Green Curry Clams
With a nod to Julia Sullivan, from Nashville's Henrietta Red, who roasts oysters in a green curry butter sauce. This recipe makes enough butter for our 5 lb bags of clams... with maybe some left for your toast the next morning.
1 lb butter, room temperature
1 Tbsp green curry paste (we like Thai Kitchen)
1 Tbsp chopped preserved lemon peels
4 Tbsp freshly chopped garlic
1 tsp fish sauce
1 tsp prepared horseradish
1 tsp soy sauce or tamari (skip if you're salt sensitive)
1 tsp lemon juice
1 cup mixed chopped herbs, whatever you have in the garden, picked off the stems. Try parsley, dill, cilantro, basil, thai basil, oregano, thyme - but not sage or rosemary
2 oz olive oil (sub sesame oil if that's your jam)
steamer clams, 1 to 2 pounds per person (either manila or savory)
white wine for steaming (~4 oz per pound of clams... use less if you don't need a soupy broth)
bread for dipping
In a food processor, blend all ingredients except the butter and the olive oil.
Once a paste is formed, drizzle the oil in until the mixture becomes smooth.

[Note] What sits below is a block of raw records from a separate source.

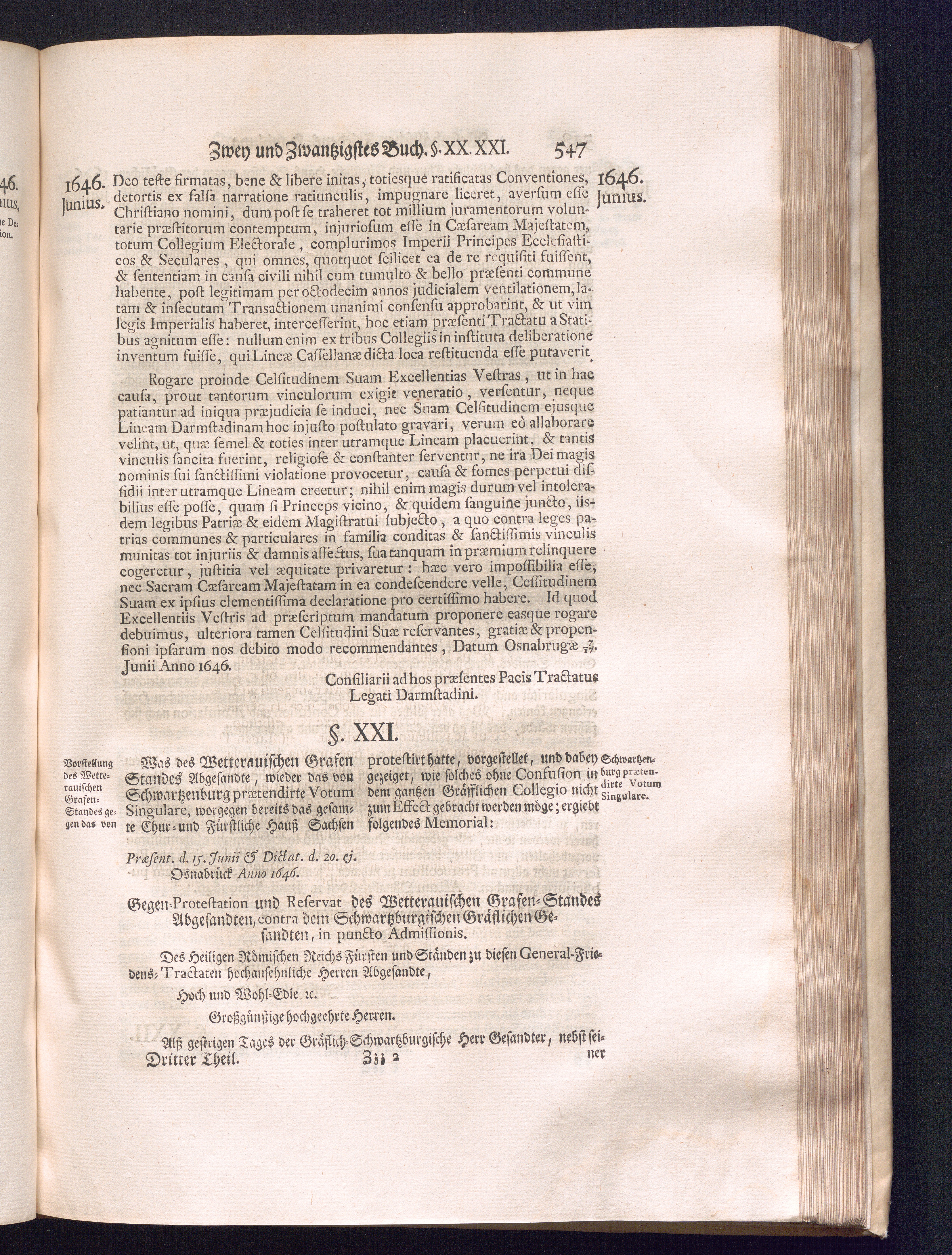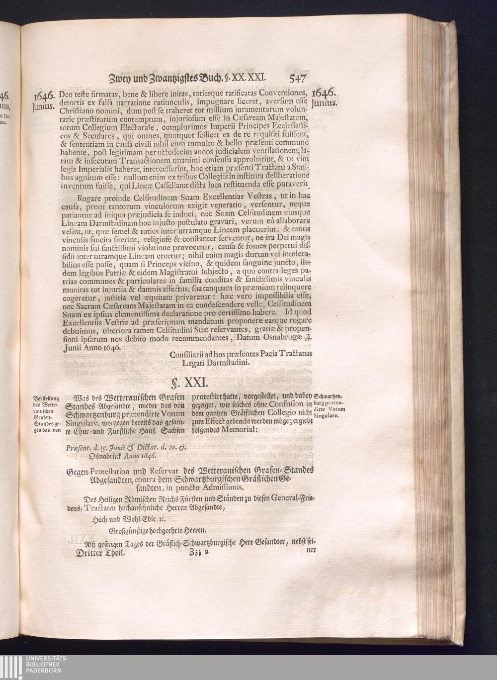 Dritter Theil (1735) Worinnen enthalten, was vom Monath April, biß zu Ende des Jahrs 1646. zwischen Jhro Römisch-Kayserlichen Majestät, dann den Beyden Cronen Franckreich und Schweden, ingleichen des Heiligen Römischen Reichs Chur Fürsten, Fürsten und Ständen, zu Oßnabrück und Münster gehandelt worden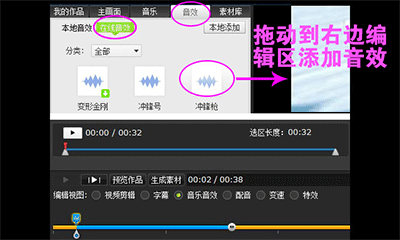 点击【音效】栏的在线音效,右边时间轴定位好游标,选择喜欢的音效拖动到右边编辑区域,同时弹出一个音效编辑框。在弹出的【音效编辑】框内,移动时间轴的两个头标选择想要添加的音效区间,点击“完成”即添加。插入多首音效的步骤相同。拖动时间轴上的按钮可调整音乐的播放时长。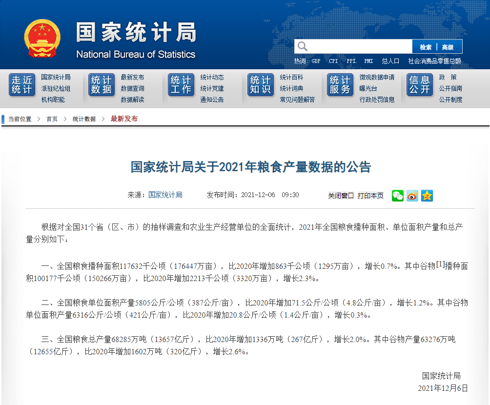 2021年全國糧食產量再創新高——國家統計局農村司副司長王明華解讀糧食生產情況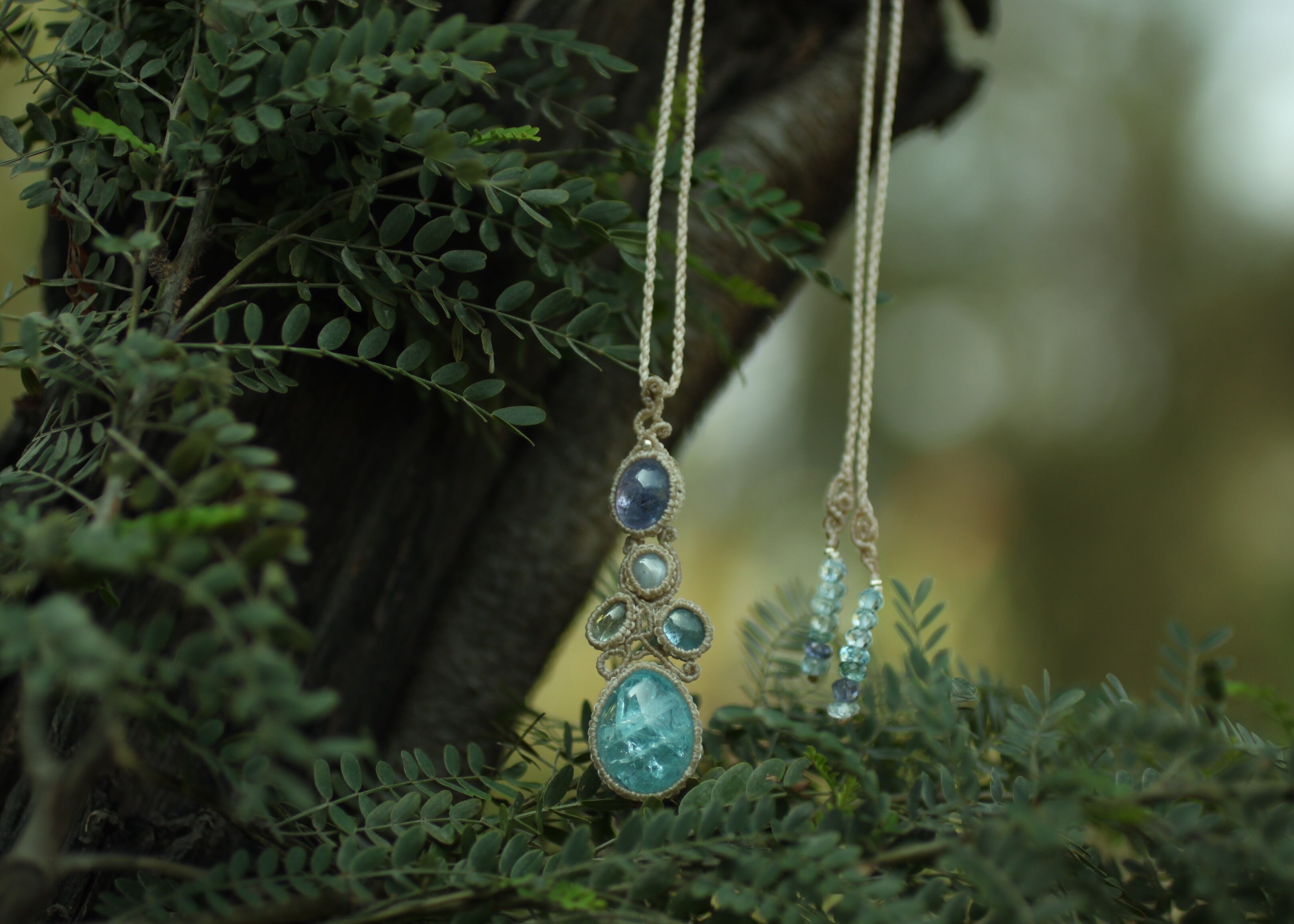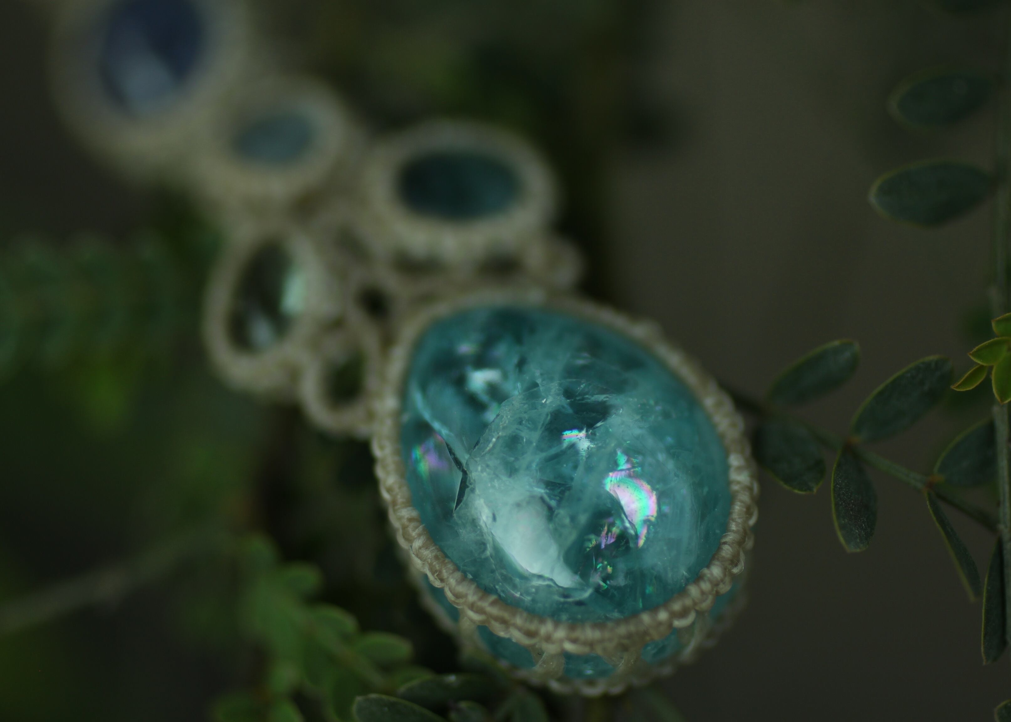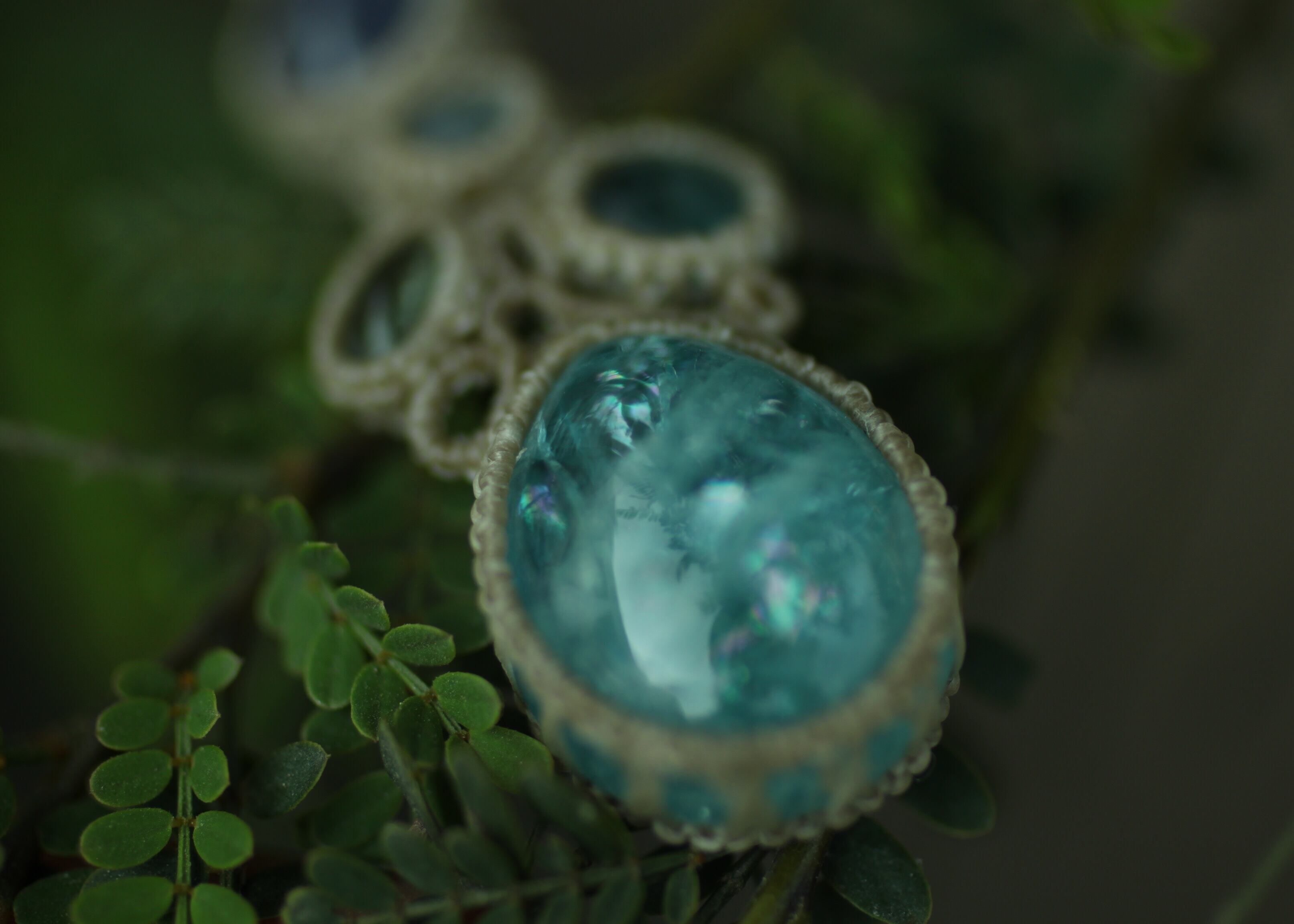 手縫い糸ほどの細いコードを使い出来る限り天然石の表情と繊細な仕上がりを重視し時間をかけ丁寧に編みました。
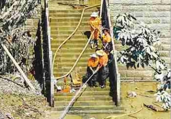 8月23日,磁器口景区,洪水退去后,环卫工人、市政工作人员等正在加紧清淤。记者 齐岚森 摄/视觉重庆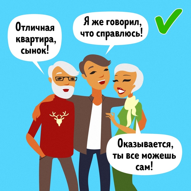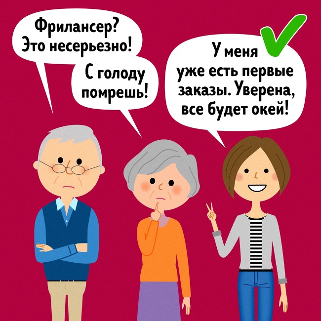 Чому вони запитують? Тому що ваше захоплення вегетаріанством або робота фрілансером — це щось надзвичайне, що не відповідає їхньому життєвому досвіду і тому відразу сумнівне. Тому батькам складно утриматися від критики. «У більшості випадків близькі члени родини мають позитивні наміри, намагаючись підштовхнути вас в певному напрямку. Вони намагаються тримати вас в безпечній зоні. Вони не хочуть, щоб ви робили щось ризиковане або нетрадиційне», — пише коуч Едуард Эжеану. Так що сприймайте батьківську критику не як критику, а як турботу про вас.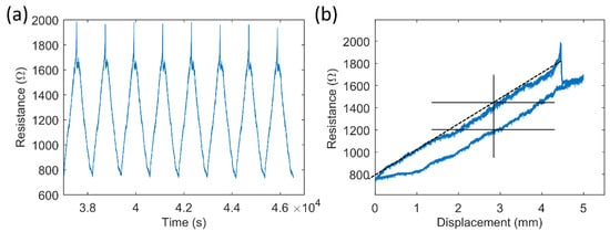 Figure 9b also shows hysteresis and sensitivity. The maximum difference during the hysteresis cycle was 220 Ω, which corresponds to ~10% of the full scale. The sensitivity of the sensor structure was ~200 Ω/mm.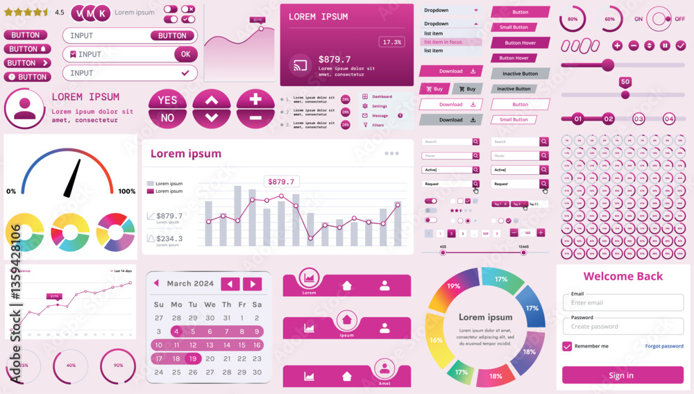The watermark will not be included on Wall mural.: A set of modern interface elements for business applications and websites: buttons, charts, menus, g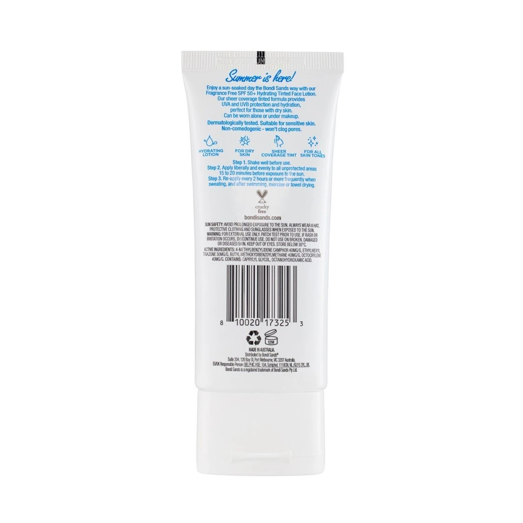 Bondi Sands Face Lotion SPF 50+ Tinted is een getinte, ongeparfumeerde lotion voor het gezicht met SPF 50+ UVA- en UVB-bescherming. De lotion heeft een universele tint om de huidskleur te egaliseren en laat geen witte waas achter. Perfect om onder make-up te worden aangebracht of als dagelijkse bescherming te gebruiken.
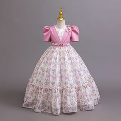 2022 New Design Kids Puff Sleeve Prom Ball Gown Girls Pageant Tulle Flower Princess Party Maxi Wedding Dress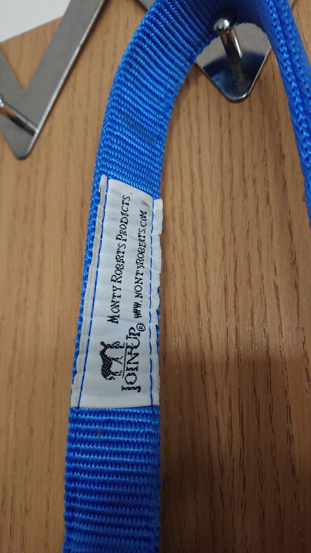 Monty Roberts Dually halter, blue - For sale blue Monty Roberts Dually training halter, hardly used, size warmblood. With CD. Matching longlines see further advertisement. Discount when buying both.
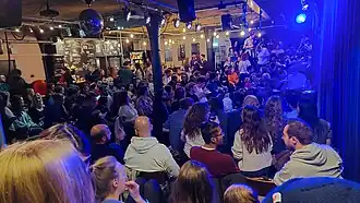 The Mezrab was founded by storyteller and musician Sahand Sahebdivani in 2004. As an Iranian refugee he wanted to continue his parents' tradition of Iranian music and storytelling.[6] It started as a gathering in the family's living room and grew into a monthly storytelling evening in a small tea house.[7] Through the years the gatherings became more frequent and the Mezrab moved to various locations to keep up with its growth.[8] In 2014, a crowdfunding was organized to move to the former location of music cafe Pakhuis Wilhelmina at the Veemkade,[9] which has since become the fixed location for the center. In that same year the Mezrab Storytelling School was founded by Farnoosh Farnia and Raphael Rodan, and the team was expanded with Rogier Lammers as the music programmer and Karl Giesriegl as the creative director.[10] Since then the Mezrab has a cultural program of over 300 events per year,[4] with in addition to storytelling, music concerts, open mic evenings, dance, theatre and comedy. As most of its programming is in English, the center has become a popular destination for the international community of Amsterdam.[11]

Add the butter in big knobs, pulsing to evenly distribute. At this point, if you aren't opposed to making more dirty dishes, you can transfer the mix to a paddle mixer. The longer you mix it the fluffier it'll be... we like it to be bright green marshmallow fluff!
Season to taste... check for salt and acidity in particular. Add more lemon juice if needed.
Put a generous scoop of butter in a pot (any pot will do, make sure it has a lid and is big enough so you'll be able to stir the clams you're going to steam). Add some veggies if you like... fresh thyme, kale from the garden & leeks. Once everything is sizzling and soft add the clams and wine. Cover and let the clams steam.
Remove from heat once the clams have opened (see our tips for steaming clams). Transfer the clams to serving bowls with a slotted spoon, and then ladle the buttery kale & white wine broth over each bowl.
Serve with toasty bread and a smile!